I pushed this to the "ci" branch, it passes all tests except for the ones testing Windows command line quoting rules. I'll have to reimplement them using wchar instead of char.

Please test.

fengzyf commented 6 months ago

Thanks again!
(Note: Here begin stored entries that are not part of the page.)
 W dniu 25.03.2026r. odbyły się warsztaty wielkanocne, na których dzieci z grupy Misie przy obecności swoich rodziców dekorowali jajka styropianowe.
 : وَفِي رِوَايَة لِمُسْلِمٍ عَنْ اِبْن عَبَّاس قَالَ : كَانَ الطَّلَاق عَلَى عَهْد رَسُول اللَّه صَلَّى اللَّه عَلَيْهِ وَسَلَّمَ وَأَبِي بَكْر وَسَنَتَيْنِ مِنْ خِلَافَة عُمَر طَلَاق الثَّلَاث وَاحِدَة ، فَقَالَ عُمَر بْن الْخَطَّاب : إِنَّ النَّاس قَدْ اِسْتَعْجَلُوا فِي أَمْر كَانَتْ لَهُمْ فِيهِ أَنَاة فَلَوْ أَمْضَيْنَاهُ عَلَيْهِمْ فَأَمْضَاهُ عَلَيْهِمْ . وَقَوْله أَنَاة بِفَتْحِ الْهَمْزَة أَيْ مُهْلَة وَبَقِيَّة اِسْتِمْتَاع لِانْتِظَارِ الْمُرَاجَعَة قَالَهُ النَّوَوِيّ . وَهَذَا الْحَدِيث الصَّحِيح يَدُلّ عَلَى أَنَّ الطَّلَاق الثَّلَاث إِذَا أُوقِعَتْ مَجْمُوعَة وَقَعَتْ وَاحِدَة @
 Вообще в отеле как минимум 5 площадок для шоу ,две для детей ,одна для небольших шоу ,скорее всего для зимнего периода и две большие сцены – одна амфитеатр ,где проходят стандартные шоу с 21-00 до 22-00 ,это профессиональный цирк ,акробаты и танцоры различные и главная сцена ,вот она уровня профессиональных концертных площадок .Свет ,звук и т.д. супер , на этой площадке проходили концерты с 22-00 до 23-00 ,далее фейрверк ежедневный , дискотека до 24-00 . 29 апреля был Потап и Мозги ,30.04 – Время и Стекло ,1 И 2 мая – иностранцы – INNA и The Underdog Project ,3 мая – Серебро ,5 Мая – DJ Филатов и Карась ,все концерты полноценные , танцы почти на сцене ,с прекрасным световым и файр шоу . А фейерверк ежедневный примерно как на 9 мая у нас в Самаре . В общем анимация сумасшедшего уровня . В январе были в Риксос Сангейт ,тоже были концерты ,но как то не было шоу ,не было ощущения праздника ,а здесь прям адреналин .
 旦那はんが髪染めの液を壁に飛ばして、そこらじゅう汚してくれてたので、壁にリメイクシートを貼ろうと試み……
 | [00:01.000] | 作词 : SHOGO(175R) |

I tested the latest "ci" branch, and when I ran CmdArgs.exe 一 二 三 四 五 六 七 八 九 零 äö or CmdArgs.exe "一 二" 三 四 五 六 七 八 九 零 äö, cmd displayed

<C:\Users\Xu\AppData\Local\Temp\par-5875\cache-f398e2715e4659c6ca2ef0ccdec734fe1265a7a5/CmdArgs.exe>
<一>
<二>
<三>
<四>
<五>
<六>
<七>
<八>
<九>
<零>
<äö>

I made the following modification in boot.c:

wchar_t* shell_quote_wide(const wchar_t *src)
{
    /* some characters from src may be replaced with two chars,
     * add enclosing quotes and trailing \0 */
    wchar_t *dst = malloc((2 * wcslen(src) + 3) * sizeof(wchar_t));

    const wchar_t *p = src;
    wchar_t *q = dst;
    wchar_t c;

    *q++ = L'"';                         /* opening quote */

    while ((c = *p))
    {
        if (c == L'\\')
        {
            int n = wcsspn(p, L"\\");    /* span of backslashes starting at p */

            wmemcpy(q, p, n);
            q += n;

            if (p[n] == L'\0' || p[n] == L'"') /* span ends in quote or NUL */
            {
                wmemcpy(q, p, n);
                q += n;
            }

            p += n;                     /* advance over the span */
            continue;
        }

        if (c == L'"')
            *q++ = L'\\';                /* escape the following quote */
        *q++ = c;
        p++;
    }

    *q++ = L'"';                         /* closing quote */
    *q++ = L'\0';

    return dst;
}

after

    return dst;
}
fengzyf commented 6 months ago

Thank you so much for your help! The latest version of "ci" branch solves my problem.